I briefly wrote for short-lived incarnations of the high school paper, then edited the yearbook in grade 11. It was nearly a decade before I tackled a column again. You will be shocked to learn that it was the weekly helpings from the archives of the Ontarion. Flipping through the notebook, the work isn't as cringe-inducing as it could be. Too cutesy for its own good at times, but I was 13. What did I know?

Click on the images to view larger versions.


Thursday, July 25, 2013

The Semi-Obligatory Introductory Post




Hello readers,

Just as the title promises, this is the semi-obligatory introductory post. Launching this site without explanation might confuse you and will confuse me. If this genre bores you, wait till the next post. If it doesn’t, keep reading.

OK, you didn’t take off. Excellent.

Every story needs a beginning; this story begins with me sitting in front of the computer, which is where you’ll usually find me at home. I was clicking around the Toronto Fringe Theatre Festival’s site, glancing blurbs to pick which shows to see this year. It hit me that I’ve seen productions during more than half (maybe say “more than half”) of The Fringe’s 25 year run, even if one year the only elements I saw were the late night freebies at the Fringe Club (those count, right?).

This inspired me to figure out what was the first Fringe show I saw.

The first place I looked for clues was a cardbox box sitting atop a living room bookshelf. Inside were my personal journals from university, which I haven’t looked at for years. Part personal diary, part scrapbook, they capture an important formative era of my life. The writing borders on cringe-inducing, but the bulging volumes of spiral-bound handwritten 70-to-360 page notebooks are a portrait of what the late 1990s were like. They fade out during my tenure as an editor at the Ontarion (the University of Guelph’s student paper), though there were a few writing bursts between moving to Toronto in 1999 and launching my first blog in 2003. Having a later volume vanish when the backpack it sat in decided while sitting at a downtown store to walk away with a new owner, one which included thoughts on my father’s passing, didn’t do much for keeping the journal going.

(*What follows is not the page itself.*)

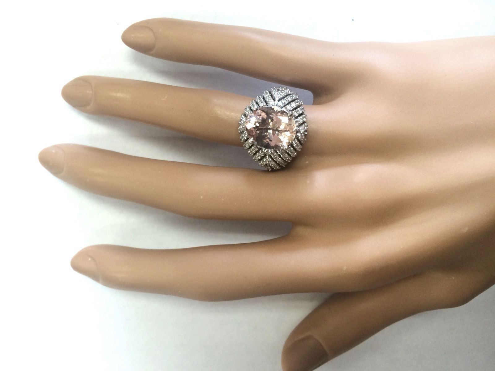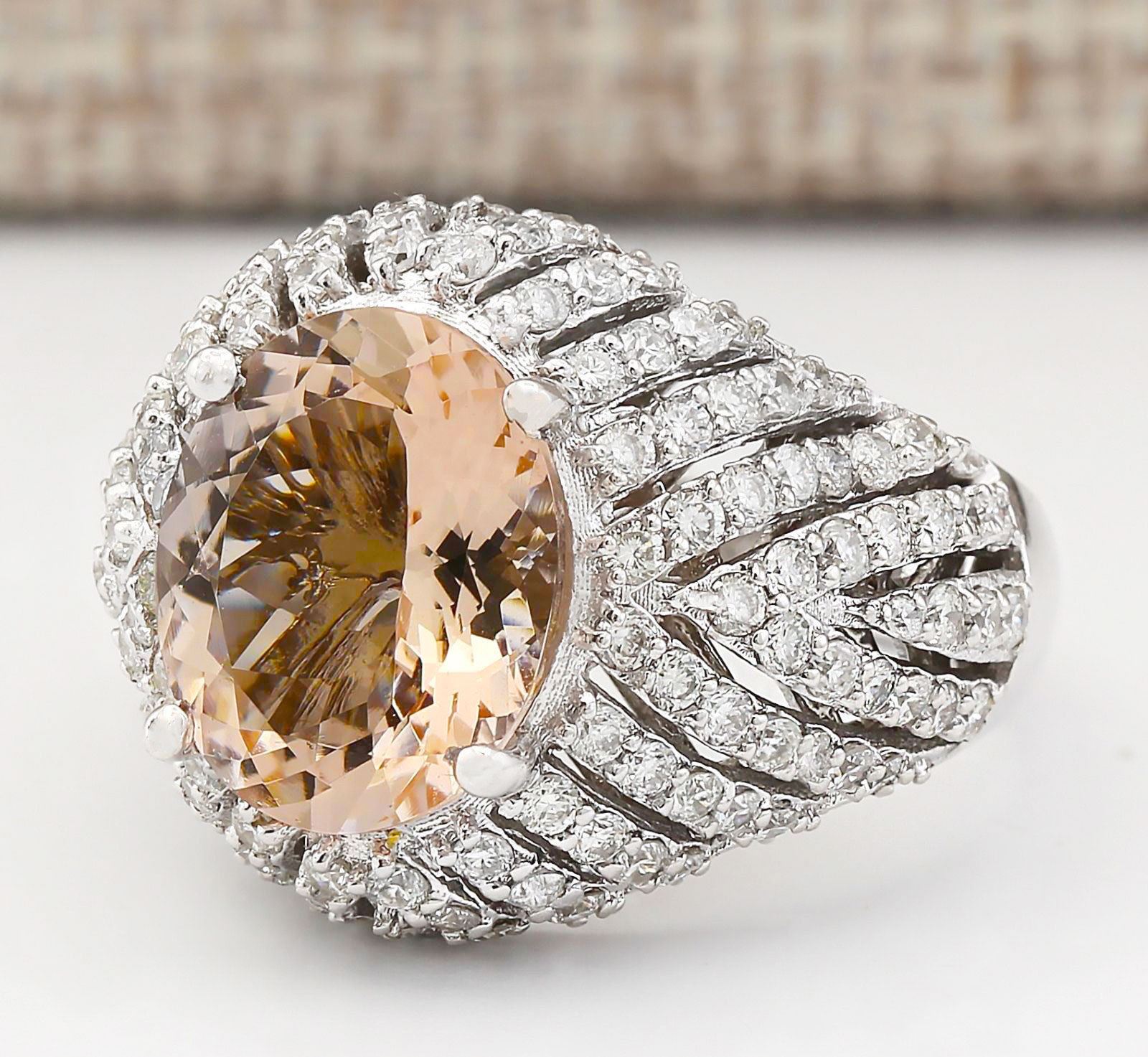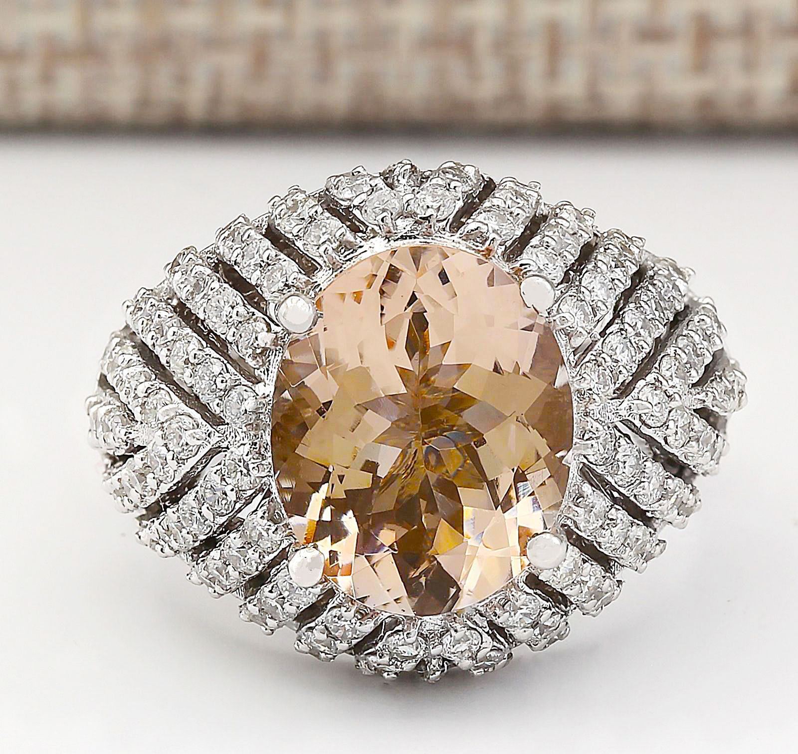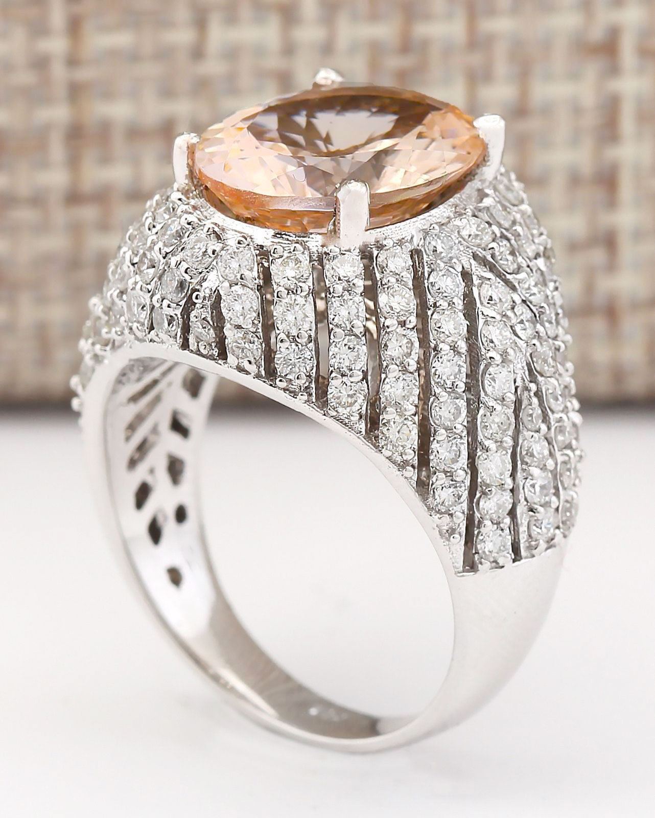 5.38 CTW Natural Morganite And Diamond Ring In 18K White Gold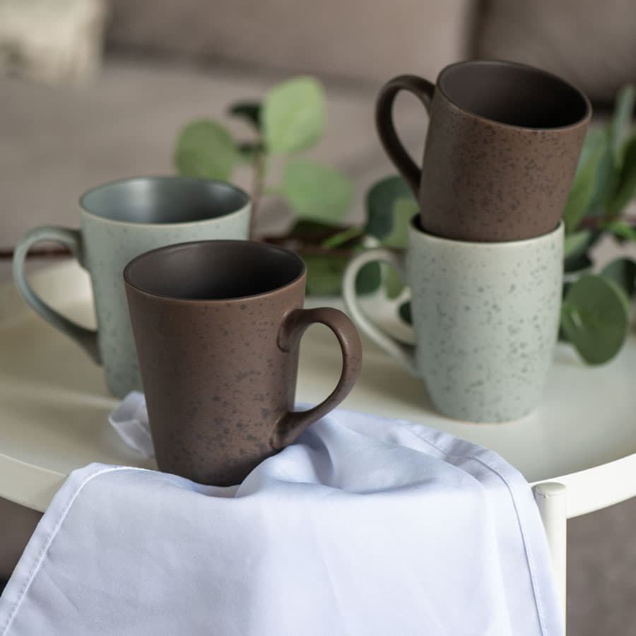 Рисунок покрытия кружки имитирует натуральный камень с небольшими вкраплениями.

The volume for 1999 didn’t touch on the Fringe, so I went to the next possible source, a flimsy clear plastic IKEA tub filled with clippings intended for future scrapbooking. I discovered an incomplete notebook which held the answer I sought

A typical volume of the ol' journals.
Flipping through the journals, I realized I haven’t done much writing in that vein recently. OK, this isn’t quite true; Facebook and Twitter have been forums for bite-size musings. But the online continuation of those old journals, JB’s Warehouse and Curio Emporium, has evolved into a purely historical site. It now feels like it would be jarring to toss in personal pieces, writing experiments, and opinions about the present state of the world.

Which brings you to this website.

Hopefully, amidst the pressure of deadlines and trying to find work, I’ll pop on here to scribble loose thoughts.

To try writing exercises drawn from books I’ve borrowed from the library 38 times but haven’t cracked open.

To let off steam when the world drives me bananas.

To stop and smell the roses when the world doesn’t drive me bananas.

To appreciate the joys of the city, despite the nitwits who run it.

To continue to refine my writing skills for both my own satisfaction and to impress future associates.

With any luck, getting this site rolling will also prompt me to tackle one long overdue task: a third website devoted to my professional work as a writer, researcher, and (hopefully) historical consultant. A business site where clients can reach me, and where I can really strut my stuff. And finally use that web domain that’s lain dormant for two years.

Anything’s possible, right?

Thanks for sticking around to the final line,
Jamie

(And thanks to Susan Clarke for proofreading this debut post).